Palin is a skilled practitioner of the politics of the aggrieved, but even Hannity, representing the network that writes Palin’s checks, seemed underwhelmed by her performance last night. (You can watch the tape here.) Lobbed a series of softballs, the brassy, smirking incarnation of Palin never showed up to hammer them. She seemed weary, her answers rote. When she emerged from her defensive crouch she got lost in logical cul-de-sacs–one moment she’s decrying the politicization of a tragedy, the next she’s mentioning the Tucson shooter was “apolitical or perhaps even left-leaning.” I’m sure this delighted her base, but it can’t have broadened it.

Last week, when Palin issued her initial response to the Giffords shooting, TPM’s Josh Marshall shot off a one-liner mocking Palin’s solipsism: “Today has been set aside to honor the victims of the Tucson massacre. And Sarah Palin has apparently decided she’s one of them.” But what’s really striking is her basic inability — or calculated unwillingness? —  to acknowledge the legitimacy of other people’s views. Her critics are always the same cabal of America-haters cooking up plots to stifle the truth, silence patriotic debate or steal your freedom. For what it’s worth, I don’t think Palin meant to tap into an old anti-Semitic trope with the “blood libel” remark.
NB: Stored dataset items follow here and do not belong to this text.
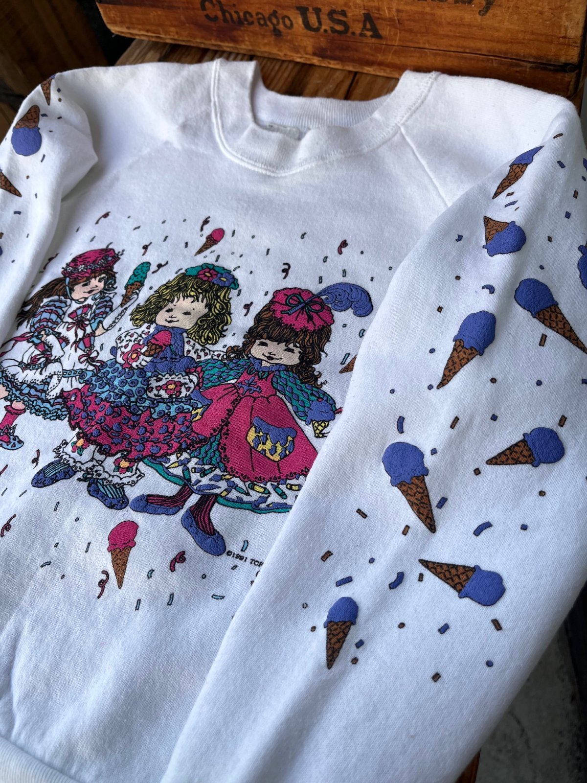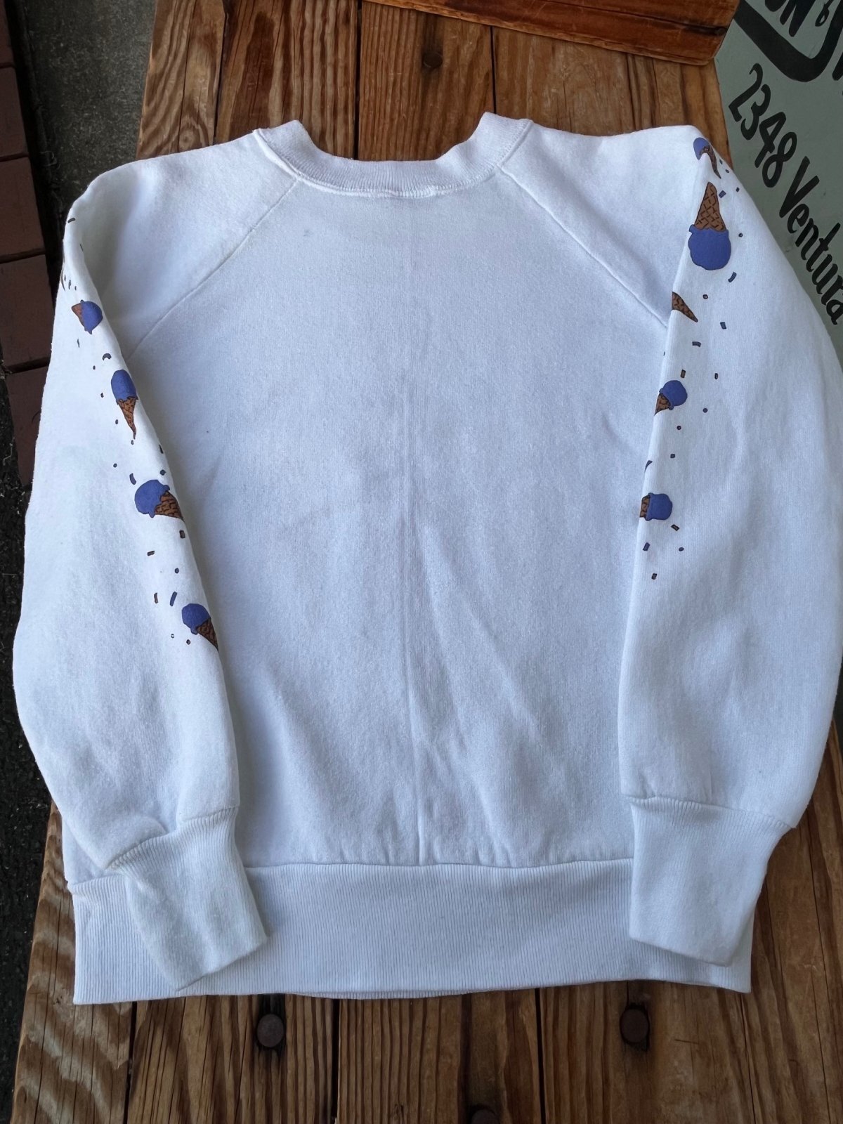 袖プリント🍨アイスクリーム連打♬♬♬SWEET SWEET SWEAT入荷です。10-12歳表記:6〜8歳くらいのお子様に良いサイズです。FRUIT OF THE LOOM USボディー🇺🇸フカフカの良い状態です。可愛いです。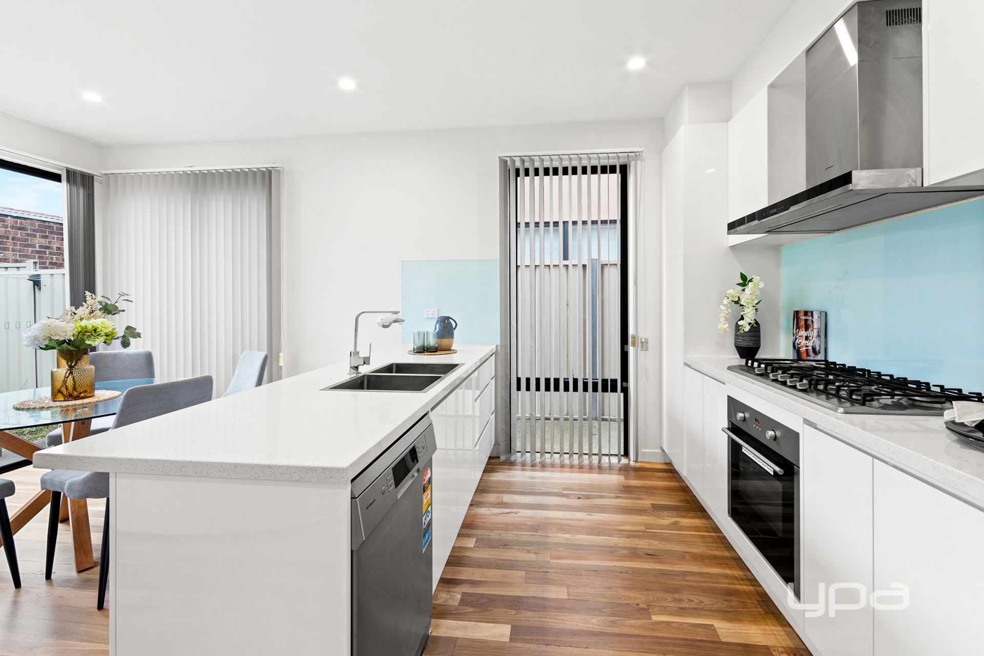 The open-plan kitchen and living area, complete with a dishwasher, offers a seamless blend of functionality and style. Beautiful floorboards throughout add a touch of elegance to the space.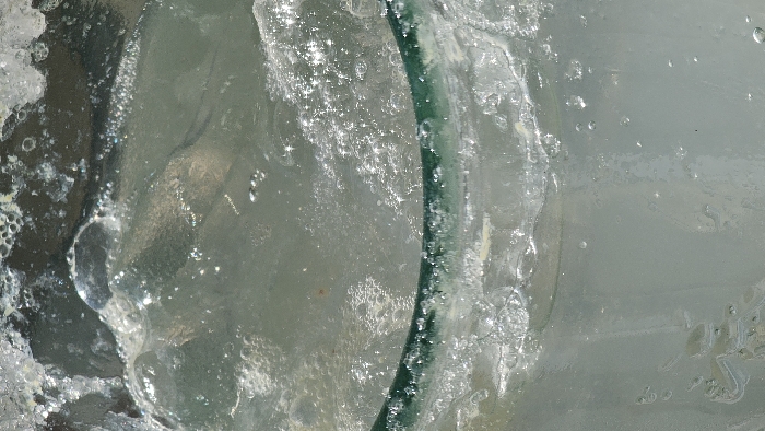 An abstract close-up of a clear, textured surface with bubbles and shimmering light. A thick, curved green line partially bisects the image, defining a division between different textural areas. One area features larger bubbles and a rougher surface, while the other appears smoother with scattered smaller bubbles. The light reflecting off the surface creates bright highlights, contributing to the overall sense of movement and liquidity.

But it would have been easy enough to simply say that no malice was intended and she regretted if anyone was offended by the phrase. And yet, she would never. You don’t retreat, you reload. (Rhetorically, I know.) Even if the post-Tucson unity push is a fleeting illusion, at a moment when most politicos are still toeing that line, Palin opted for division. Not that it was totally a choice, per se. It’s the only play she has.